Unfortunately, Bulgaria joins a growing list of nations -- including the likes of Russia, Libya and Syria -- to take advantage of the United States' understandable reluctance to enforce the no-fly zone against unarmed passenger flights. No one in the West knows for sure exactly what coming into (and, for that matter, out of) Iraq via these flights but, given many of the regimes in question, it strains credulity that there is nothing untoward going on.

This is especially true in light of the fact that it is obvious to Saddam Hussein, and virtually everybody else, that the Americans' will to resist his comeback is now falling apart. Less well appreciated in the West, at least, is how dangerous the latest erosion -- to say nothing of the complete collapse of the containment strategy that it portends -- may prove to be.

Fortunately, two recently released books fill in the blanks. The first is entitled Saddam's Bombmaker: The Terrifying Inside Story of the Iraqi Nuclear and Biological Weapons Agenda (Scribner, 2000). Its author, Khidhir Hamza, was the Iraqi scientist responsible for these programs until his defection in 1994.

Dr. Hamza revealed that Saddam now has a workable design for a small atomic weapon capable of being fitted aboard an extended-range Scud missile. The only thing he has appeared to lacks to operationalize this device is a sufficient quantity of bomb-grade uranium. After discussing the technical challenges to producing indigenously a sufficient quantity of highly enriched uranium, the defector observes:

"Another option for obtaining bomb-grade uranium, of course, is simply to buy it on the black market. The most likely sources are disenchanted, unemployed, underpaid or simply corruptible officials in Russia or other nuclear-armed states.
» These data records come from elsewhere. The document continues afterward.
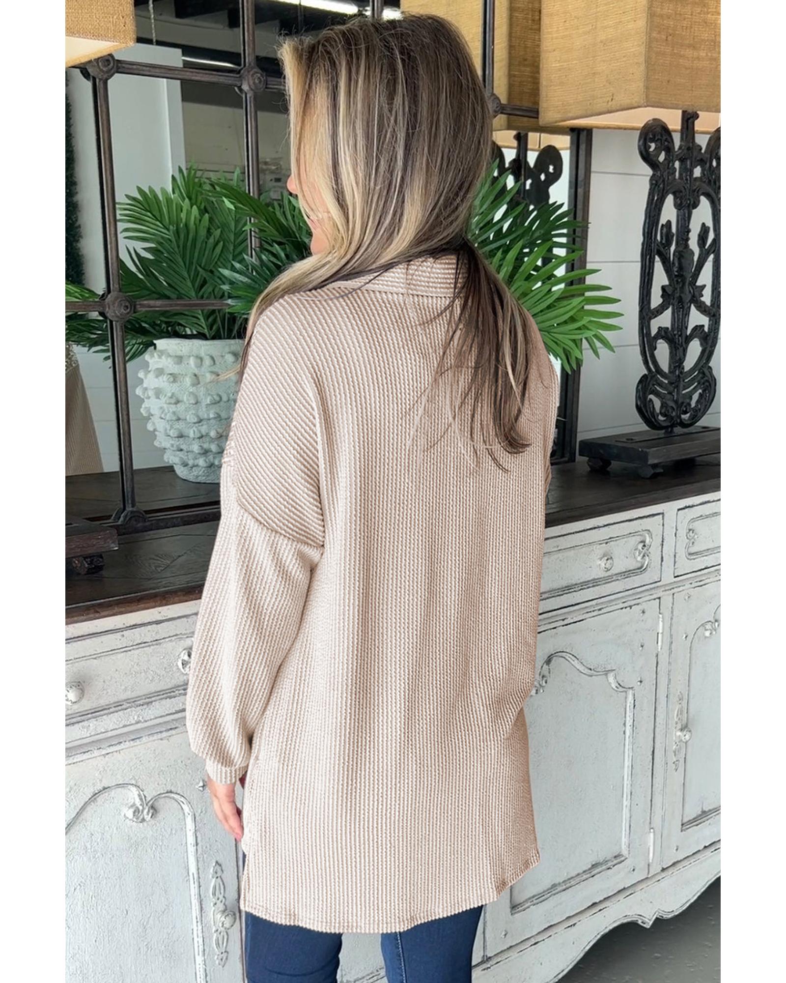 Oatmeal Textured Flap Pockets Buttoned Plus Size Shacket - 3X
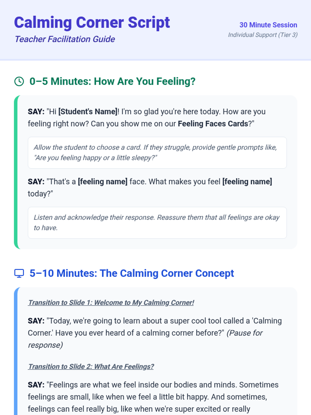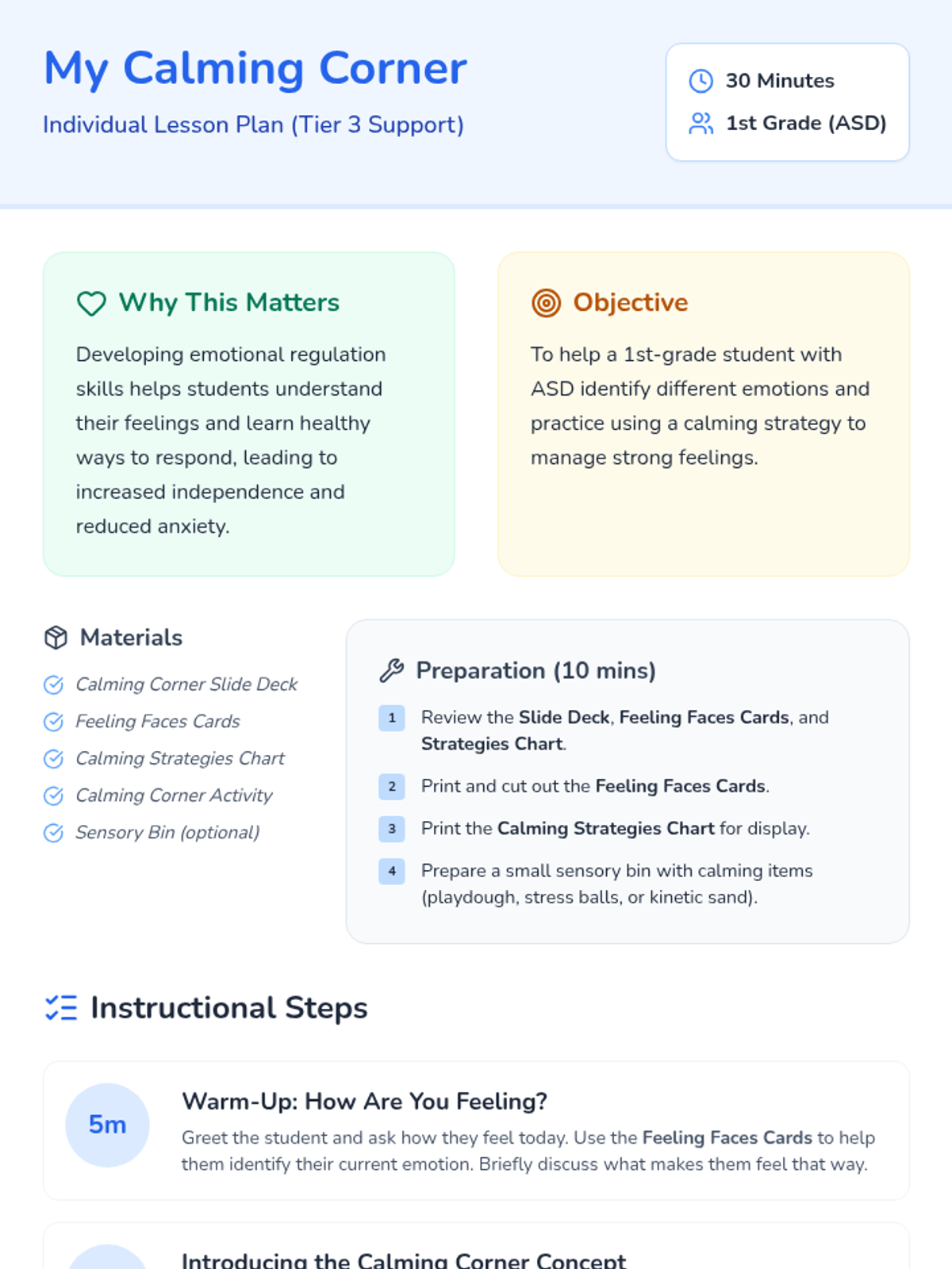 This 30-minute individual lesson helps a 1st-grade student with ASD develop emotional regulation skills by identifying feelings and using calming strategies. It's important for fostering self-awareness and independent coping mechanisms.
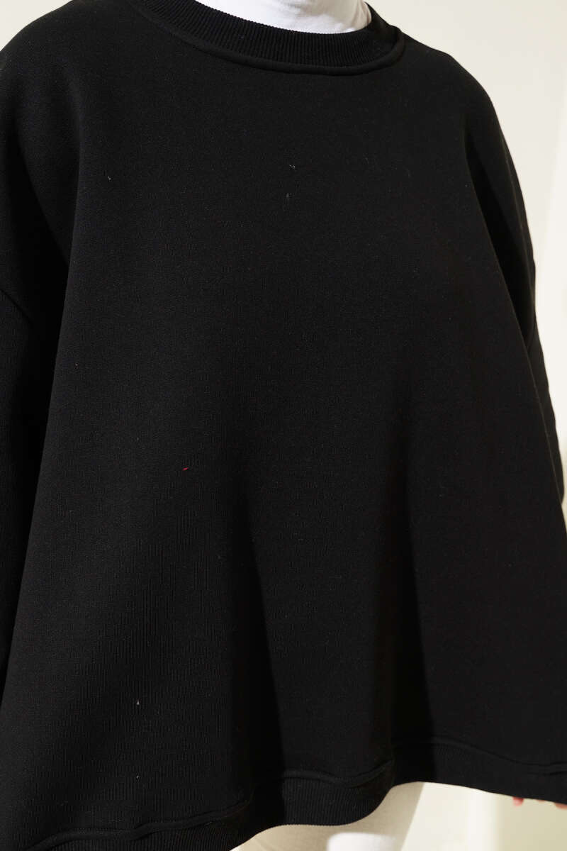 Oversize Üç İplik Basic Tunik Siyah

Another possible supplier is Serbia, which clandestinely aided Iraq's missile programs in the past and is now said to possess fifty kilograms of bomb-grade uranium."

It is entirely possible -- if not highly likely -- that flights like that recently made from Bulgaria will enable Saddam to get his hands on whatever materials, technology and even people he needs to advance his weapons of mass destruction programs. While smuggling has been taking place into and out of Iraq ever since Operation Desert Storm (just as it historically flourished in the region for thousands of years before,) air delivery is particularly appealing insofar as it permits these transactions to take place in a relatively secure and timely fashion. It must also appeal to the Iraqi dictator insofar as this method brazenly flouts the vaunted U.S.- U.K. air blockade.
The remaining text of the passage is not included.